[Data shown]
============================================================

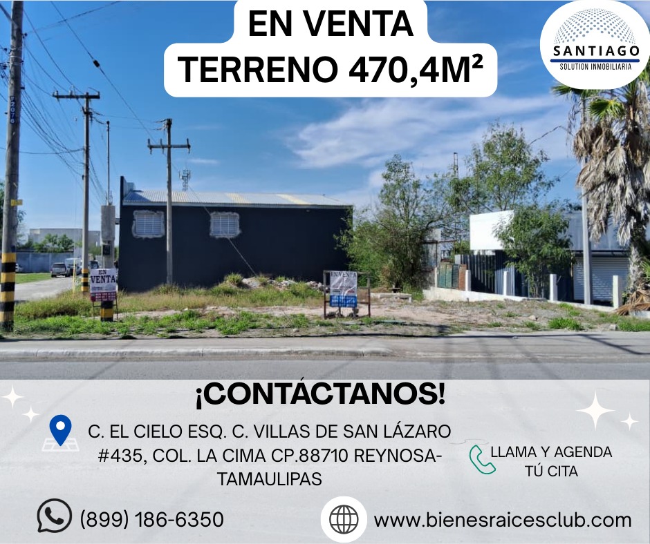 terreno en venta 470, 4m2 calle el cielo esq c villas de san lorenzo #435 col la cima cp 88710.. 8991-866350
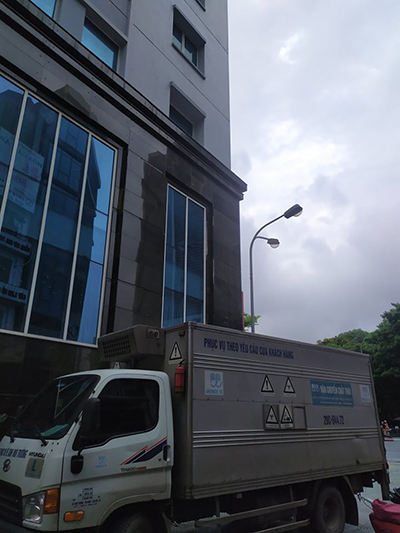 Xe của Công ty môi trường đến thu gom rác thải nguy hại tại Tòa nhà Kinh Đô
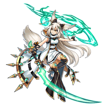 ・自身に『英雄化』([特別]最大HP100%上昇、[特別]全ステータス100%上昇、デバフ無効、状態異常無効、ユニゾンゲージ低下無効、バフ無効【デメリット】、自身の受けるHP回復効果を70%低下【デメリット】)を60秒間付与
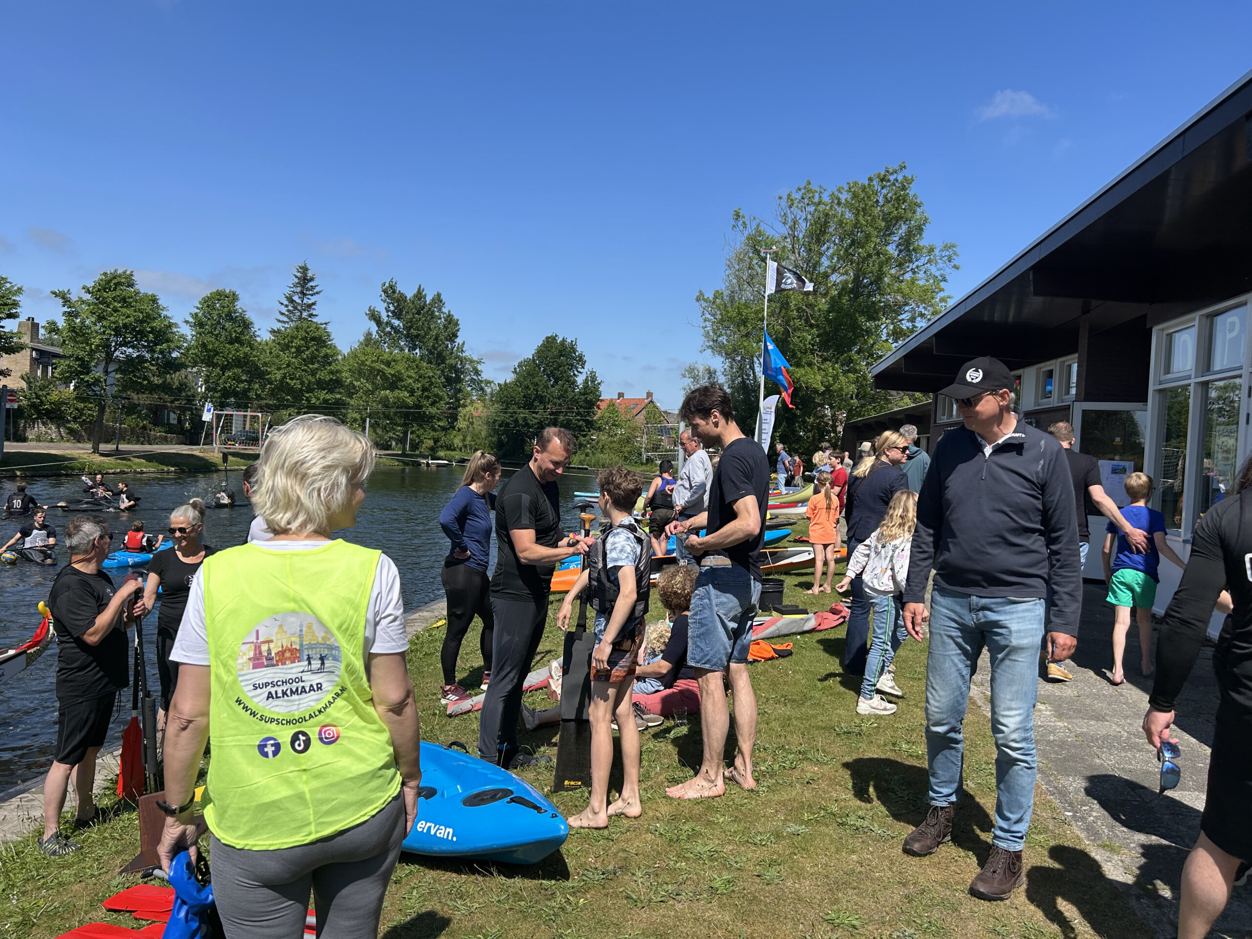 Met een stralend zonnetje erbij kon vanaf 13.oo uur iedereen ervaren hoe het is om rustig te kanoën, fanatiek te kanopoloën of met een groep de drakenboot door het water te laten glijden ! Het werd een zeer enthousiaste middag.
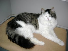 Stor hvit semilanghåret hannkatt med tigerstripede flekker. En rund flekk på den ene skulderen (vises ikke på bildet)

============================================================

[Work to be completed] Leave every picture out and retype exactly the lines of the records above from the one holding "Xe của Công" through the last, both ends included and nothing besides.

[Response area]
 Xe của Công ty môi trường đến thu gom rác thải nguy hại tại Tòa nhà Kinh Đô
 ・自身に『英雄化』([特別]最大HP100%上昇、[特別]全ステータス100%上昇、デバフ無効、状態異常無効、ユニゾンゲージ低下無効、バフ無効【デメリット】、自身の受けるHP回復効果を70%低下【デメリット】)を60秒間付与
 Met een stralend zonnetje erbij kon vanaf 13.oo uur iedereen ervaren hoe het is om rustig te kanoën, fanatiek te kanopoloën of met een groep de drakenboot door het water te laten glijden ! Het werd een zeer enthousiaste middag.
 Stor hvit semilanghåret hannkatt med tigerstripede flekker. En rund flekk på den ene skulderen (vises ikke på bildet)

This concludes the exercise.